The first-in-human data demonstrate the safety and tolerability of IMGN779, being developed by ImmunoGen, across seven dose levels, with no dose limiting toxicities (DLTs), as well as evidence of dose-dependent biological and anti-leukemia activity.The data also showed Adverse Events that were generally consistent with the underlying disease.
IMGN779 is an investigational drug for the treatment of patients with relapsed or refractory adult acute myeloid leukemia or AML whose tumors express CD33.
These results were presented in a poster presentation on Saturday, June 24, 2017, at the 22nd Congress of the European Hematology Association (EHA) in Madrid, Spain. 
The investigational drug IMGN779 is designed as the next generation targeting antibody-drug conjugate or ADC, and combines a high-affinity, humanized anti-CD33 antibody via a cleavable – N-succinimidyl 4-(2-pyridyldithio)-2-sulfobutanoate (s-SPDB) – desulfide linker with one of ImmunoGen’s novel indolino-benzodiazepine payloads, called IGNs, which alkylate DNA without crosslinking, resulting in potent anti-leukemia activity with relative sparing of normal hematopoietic progenitor cells. The novel drug is designed to maximize anti-AML activity and preclinical safety.
In multiple AML xenograft models, including models with poor prognostic factors, IMGN779 is highly active and well-tolerated in pre-clinical repeat dosing regimens. An additional benefit was achieved with a fractionating the dosing regimen over a single high dose.
The data presented comes from the ongoing Phase I study evaluating single agent IMGN779.
Safety, pharmacokinetic (PK), and pharmacodynamic (PD) data, as well as initial anti-leukemia activity for IMGN779 through dose level seven were presented at EHA.
The key findings presented included:
- No DLTs have been observed through dose level seven, with reported adverse events consistent with the underlying disease.
- No increase in the nature, frequency, or severity of any treatment-emergent adverse event has been reported with escalating doses and no evidence of cumulative toxicity has been observed with repeated dosing.
- Favorable PK/PD reveal prolonged exposure and CD33 saturation at dose levels six and seven.
- Initial anti-leukemia activity was observed at dose levels six and seven in patients who failed intensive frontline therapy.
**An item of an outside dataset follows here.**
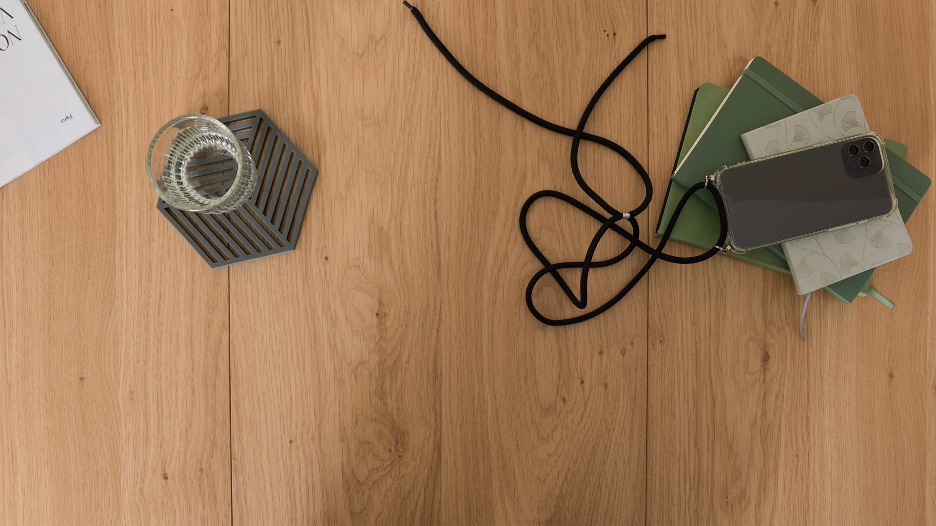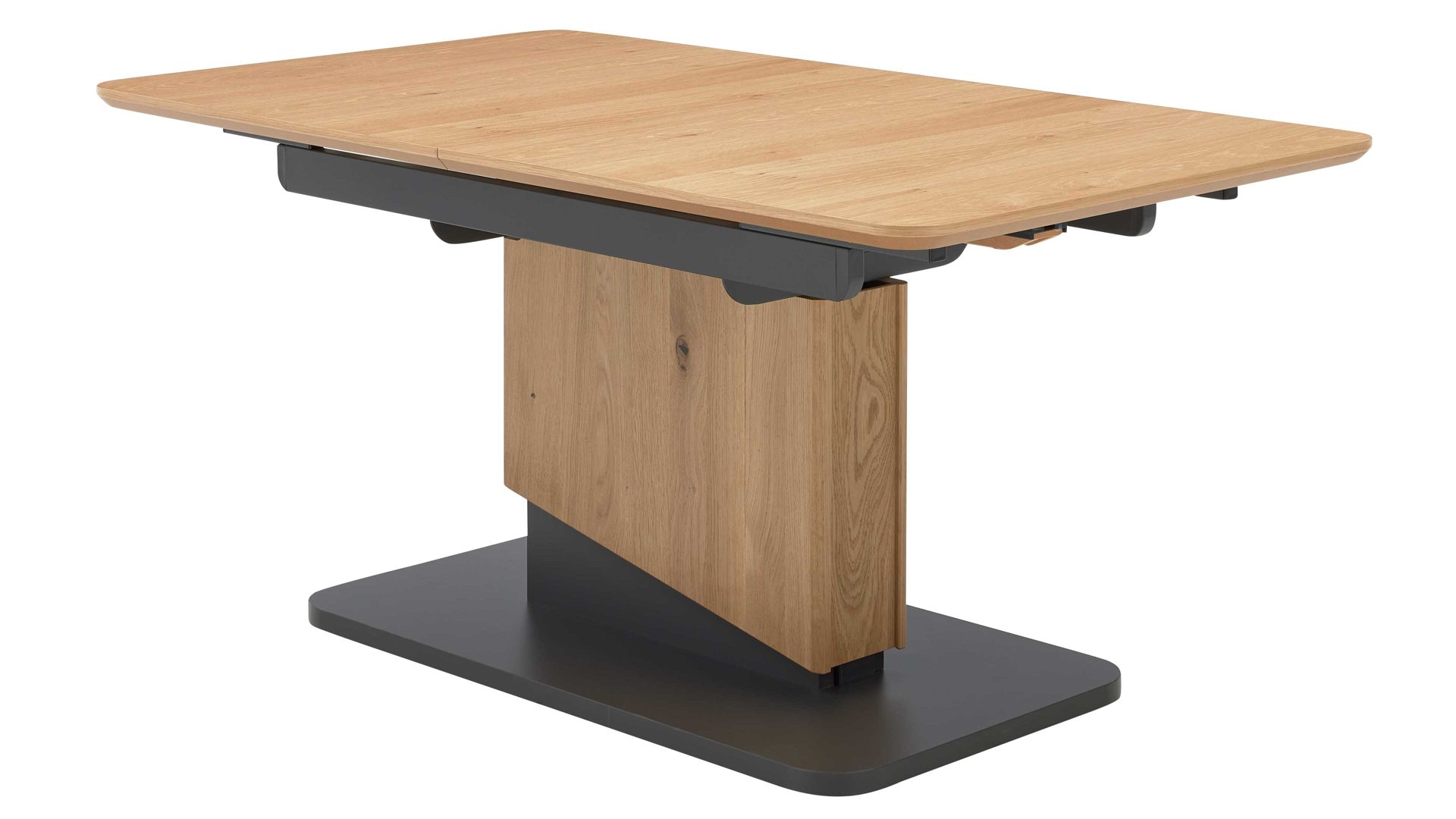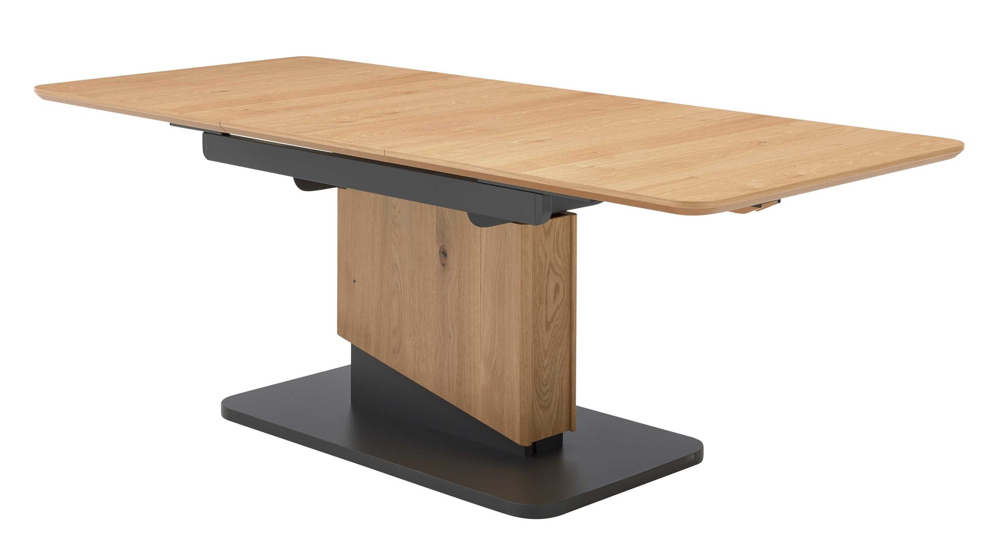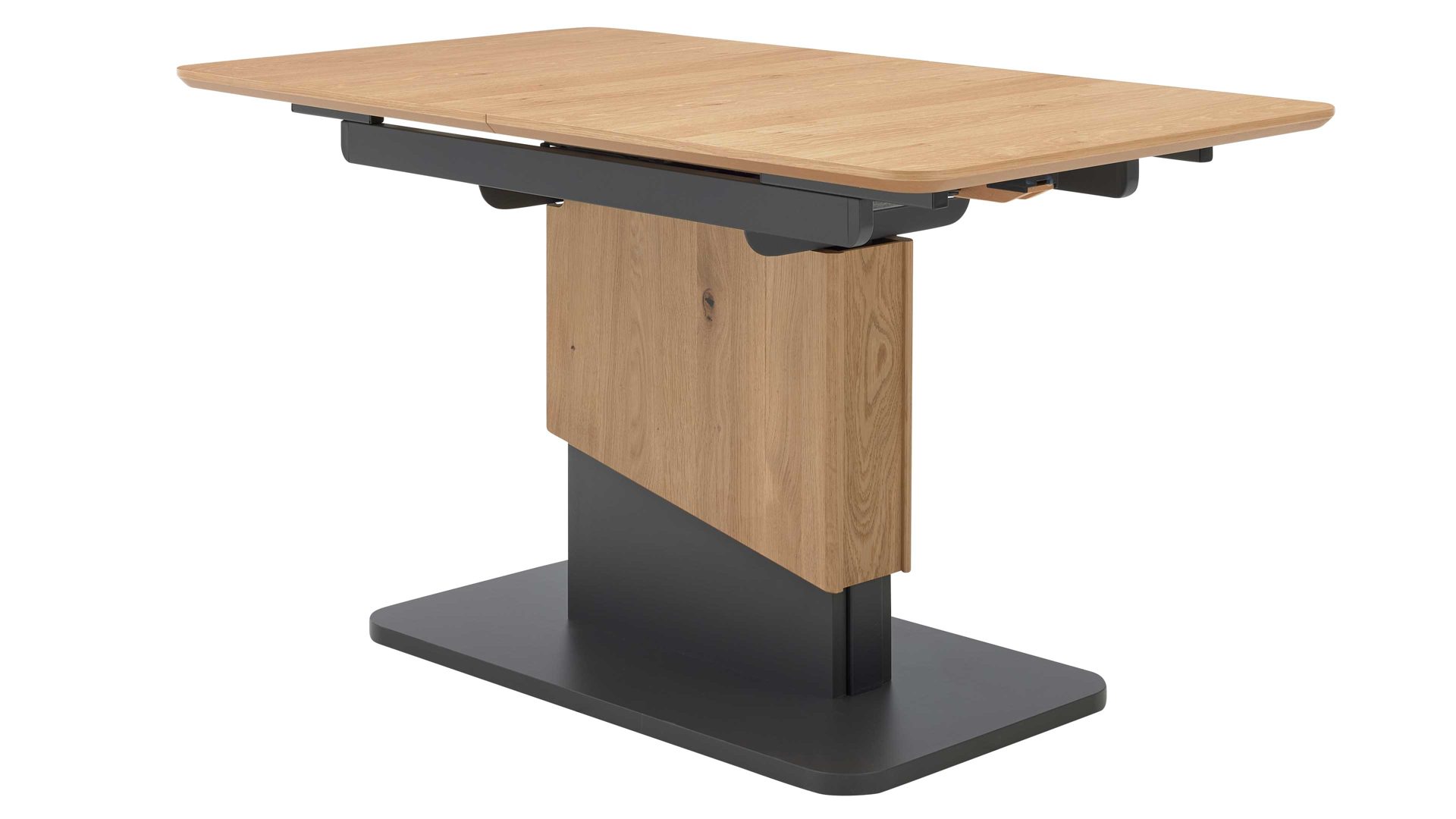 Der Hell-Dunkel-Kontrast und die natürliche Ausstrahlung der Tischplatte mit abgeschrägter Schweizer Kante verleihen ihm das gewisse Etwas.

The Phase I trial is designed to establish the maximum tolerated dose of MTD and determine the recommended Phase II dose for IMGN779 administered as monotherapy. The trial is also intended to evaluate safety and tolerability and characterize PK, PD, and preliminary anti-leukemia activity in relapsed or refractory AML. Dose escalation continues.
These results provide the foundation for the clinical evaluation of IMGN779 in AML.
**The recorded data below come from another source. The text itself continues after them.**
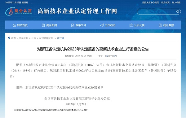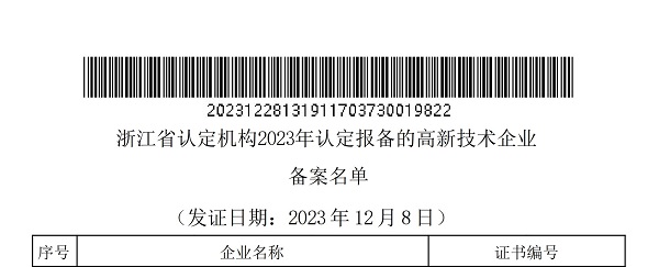 • 2023年12月28日,全國高新技術企業認定管理工作領導小組辦公室發布《對浙江省認定機構2023年認定報備的高新技術企業進行備案的公告》,中國能源工程集團有限公司(以下簡稱“中國能源工程集團”)所屬中清能源(杭州) 有限公司(以下簡稱“中清能源”)順利通過國家高新技術企業認定證書編號:GR202333007449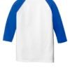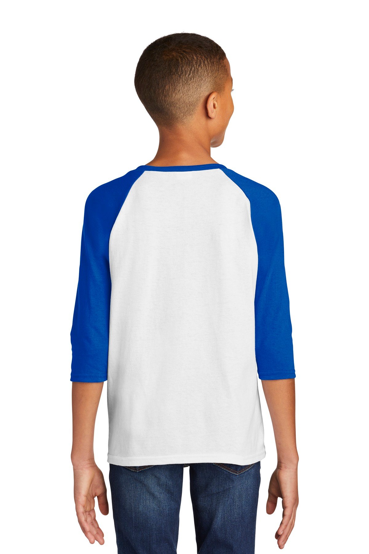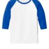 5.3-ounce 100% cotton Tearaway label Contrast color set-in collar and 3/4 raglan sleeve Single-needle topstitched back neck Double-needle sleeve hems and bottom hem/li>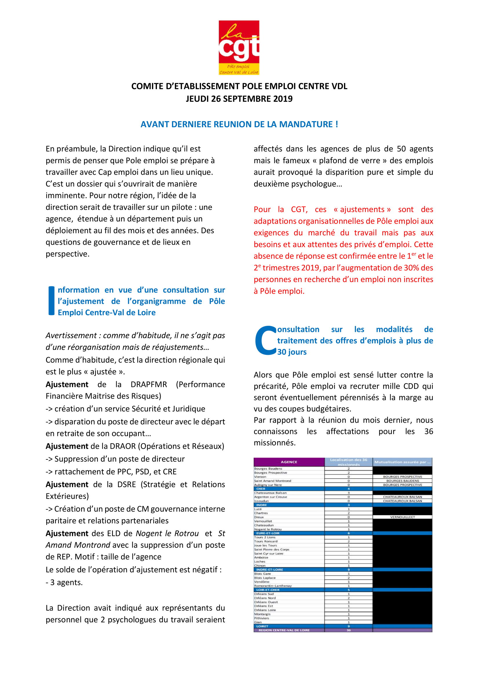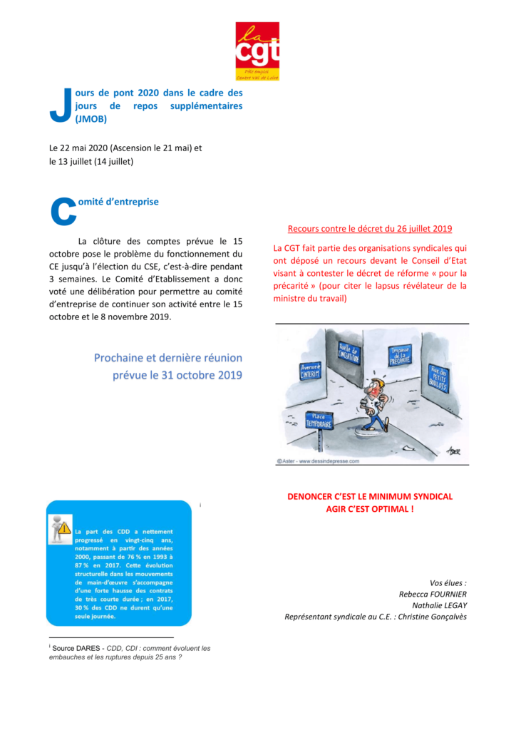 Compte rendu du Comité d’établissement du 26 septembre 2019 Tweeter Partager Partager Réorganisation, suivi des offres… compte rendu de l’avant dernier CE avant la mise en place du CSE Imprimer cet article Télécharger cet article 29 septembre 2019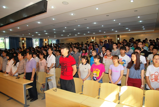 典礼伊始,嘹亮的国歌奏响,全体起立伴唱。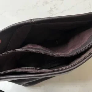 This Etienne Aigner crossbody handbag is a timeless classic. It is in great pre-owned condition. Exterior and interior are clean. The soft brown leather, accented with gold hardware, gives it an elegant look that pairs well with any outfit. The rectangular shape, measuring 8 inches in height and 2 inches in width, makes it a perfect size for everyday use.With a zip closure and adjustable strap, this bag is both secure and comfortable to wear. The interior is lined with cotton and features 2 interior compartments with 2 slip pockets & 1 wall zip pocket to keep your belongings organized. Lightweight and packable, this bag is perfect for travel or casual use.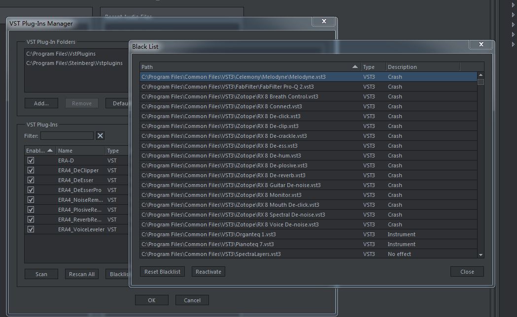 . Rescanned vst plugins, there are many plugins missing.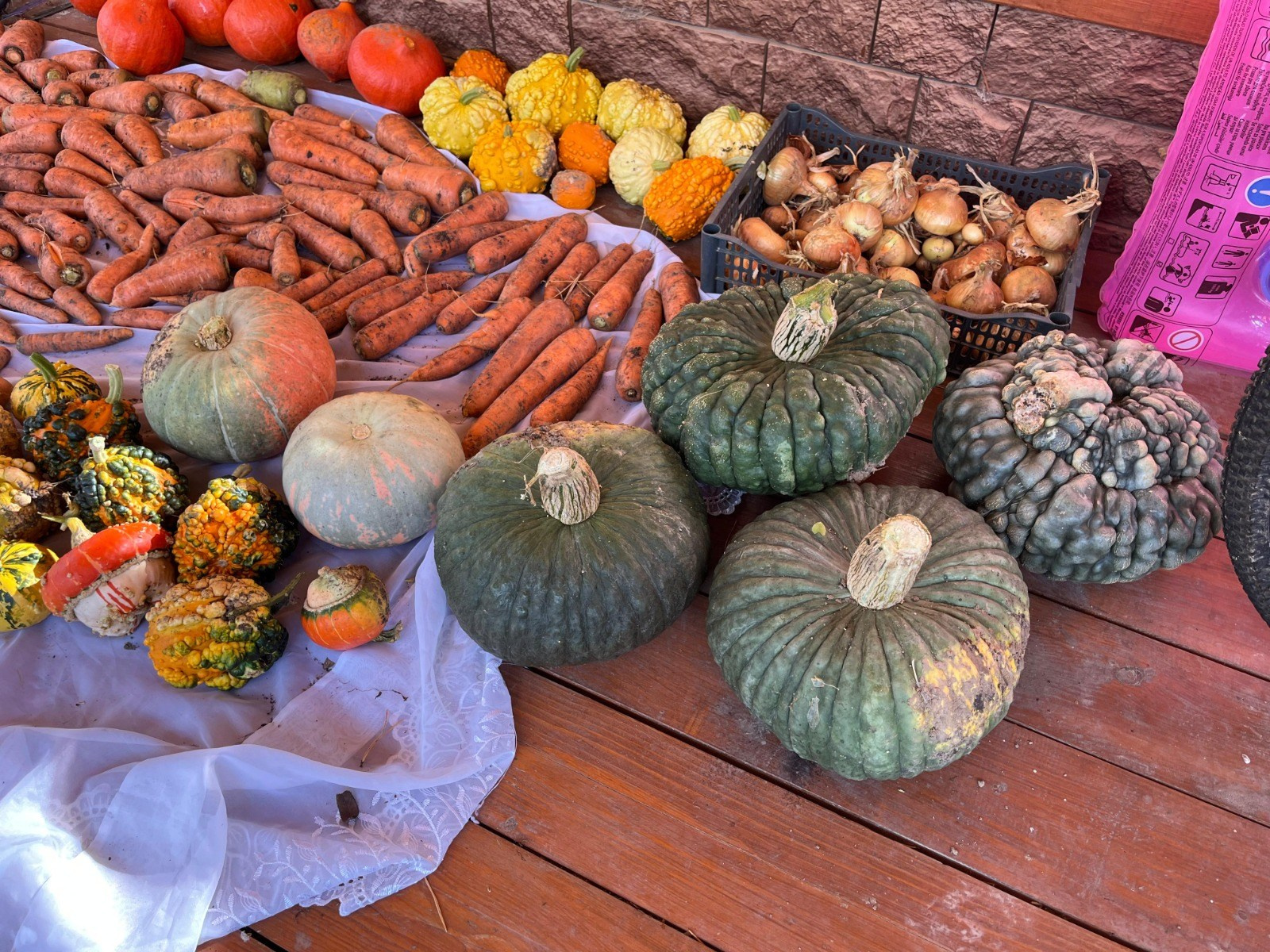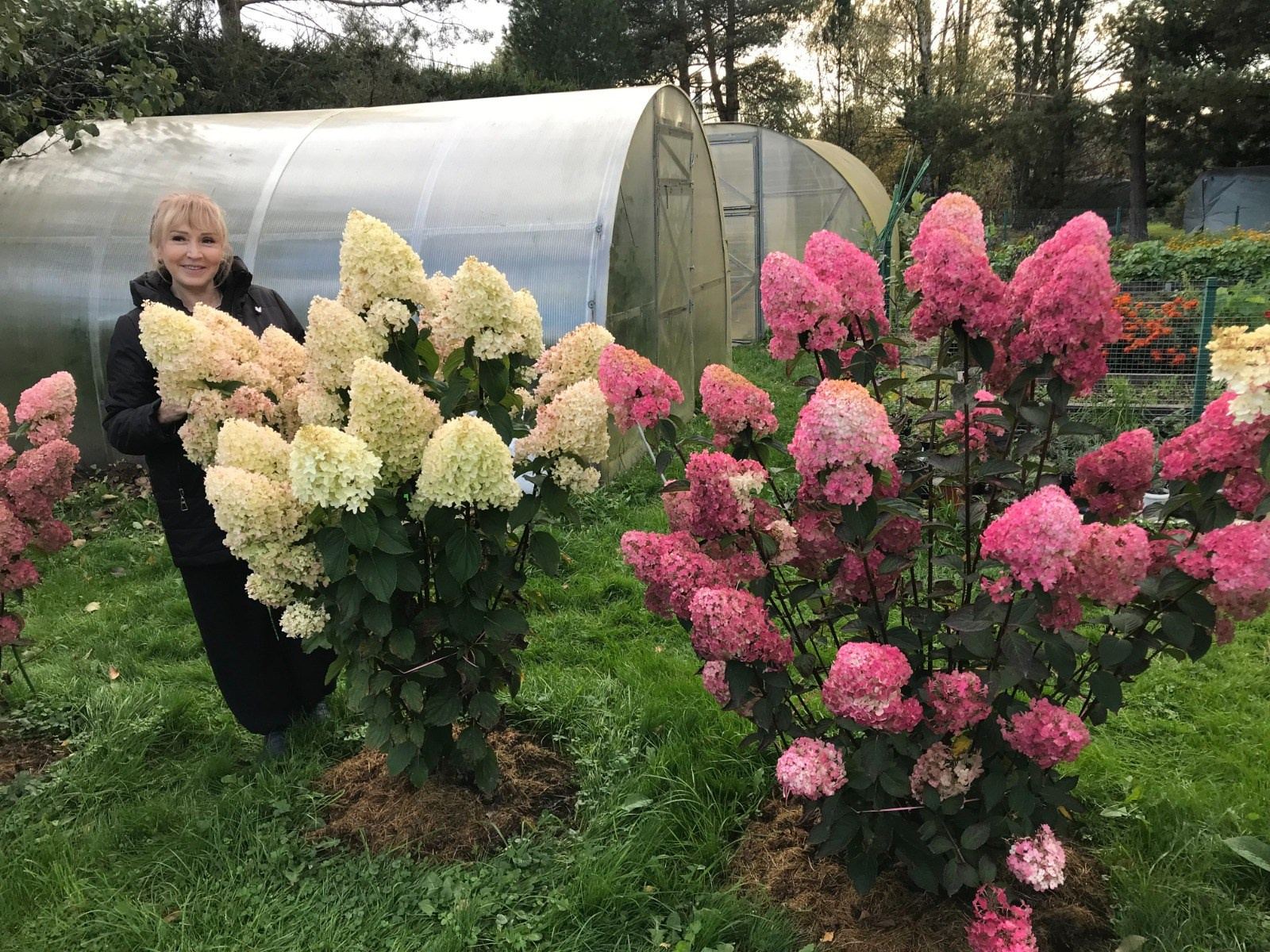 У нас есть огород и две теплицы. В огороде растет всё — зелень, овощи, корнеплоды. В теплицах — помидоры и перец. Есть клубника, смородина, крыжовник, яблоки, сортовая рябина — красная и черная.

“We have designed our DNA-alkylating IGNs to be ultra-potent while providing the tolerability necessary for ongoing retreatment,” said Richard Gregory, Ph.D., executive vice president and chief scientific officer of ImmunoGen.
“We believe that by combining IGNs with our ADC technology, we may be able to treat a number of additional cancers that don’t respond to existing ADC therapies. These data suggest favorable tolerability and encouraging activity in patients with AML, and we look forward to determining the recommended dose for IMGN779 and moving quickly into later-stage development,” Gregory added.
Foundation for clinical evaluation
Preclinical data for IMGN779 were also presented at EHA showing the agent is highly active in multiple AML xenograft models and is well-tolerated in preclinical repeat dosing regimens.
Findings from the preclinical evaluation provided the foundation for the clinical evaluation of IMGN779 in AML.